--- START ---

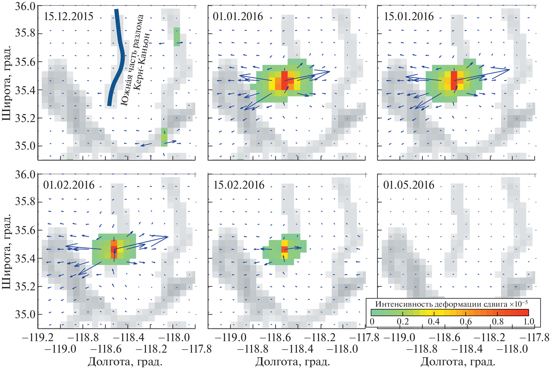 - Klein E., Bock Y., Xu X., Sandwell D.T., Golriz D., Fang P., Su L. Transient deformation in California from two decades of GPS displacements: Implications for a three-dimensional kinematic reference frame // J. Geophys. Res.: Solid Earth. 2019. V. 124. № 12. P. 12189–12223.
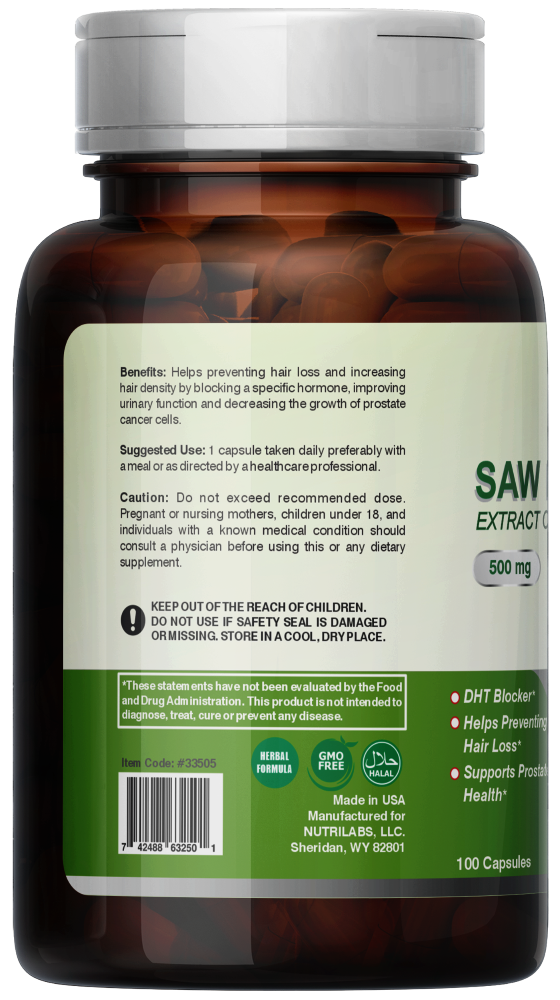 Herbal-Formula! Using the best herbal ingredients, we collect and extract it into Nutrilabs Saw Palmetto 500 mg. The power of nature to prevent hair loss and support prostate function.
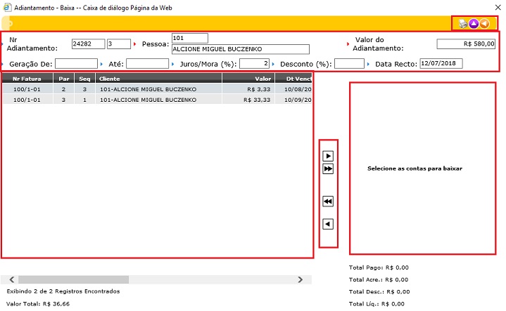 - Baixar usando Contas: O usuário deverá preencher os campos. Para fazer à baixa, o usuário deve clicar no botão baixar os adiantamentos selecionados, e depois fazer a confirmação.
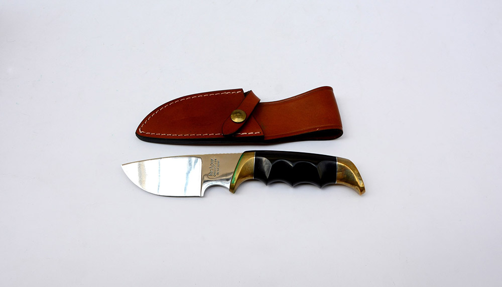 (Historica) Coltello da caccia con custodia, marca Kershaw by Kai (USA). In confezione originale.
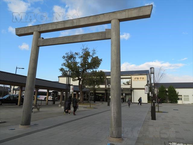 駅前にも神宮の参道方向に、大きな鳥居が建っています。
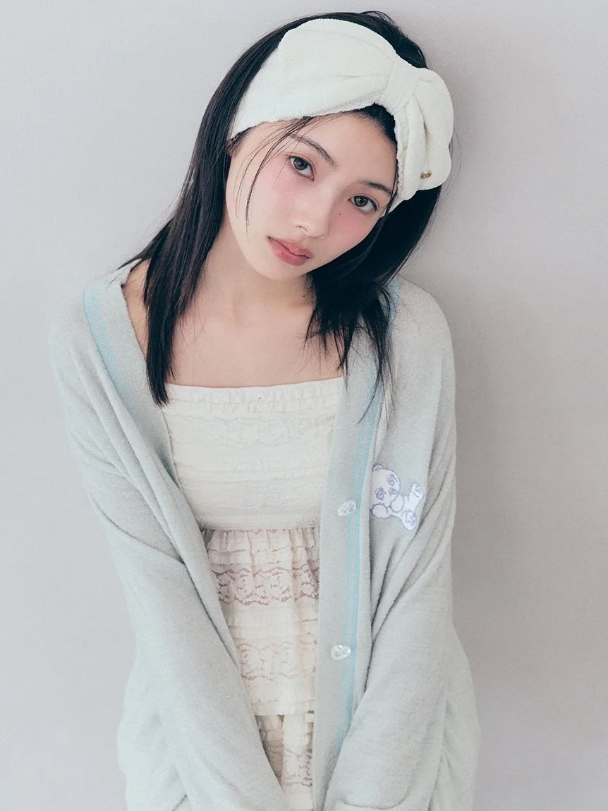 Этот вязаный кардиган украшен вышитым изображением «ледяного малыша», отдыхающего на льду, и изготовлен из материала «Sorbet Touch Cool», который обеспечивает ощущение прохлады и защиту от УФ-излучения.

--- END ---

- [Directions]:
All of the data should be returned word for word, with each picture left out.

- [Worked solution]:
 - Klein E., Bock Y., Xu X., Sandwell D.T., Golriz D., Fang P., Su L. Transient deformation in California from two decades of GPS displacements: Implications for a three-dimensional kinematic reference frame // J. Geophys. Res.: Solid Earth. 2019. V. 124. № 12. P. 12189–12223.
 Herbal-Formula! Using the best herbal ingredients, we collect and extract it into Nutrilabs Saw Palmetto 500 mg. The power of nature to prevent hair loss and support prostate function.
 - Baixar usando Contas: O usuário deverá preencher os campos. Para fazer à baixa, o usuário deve clicar no botão baixar os adiantamentos selecionados, e depois fazer a confirmação.
 (Historica) Coltello da caccia con custodia, marca Kershaw by Kai (USA). In confezione originale.
 駅前にも神宮の参道方向に、大きな鳥居が建っています。
 Этот вязаный кардиган украшен вышитым изображением «ледяного малыша», отдыхающего на льду, и изготовлен из материала «Sorbet Touch Cool», который обеспечивает ощущение прохлады и защиту от УФ-излучения.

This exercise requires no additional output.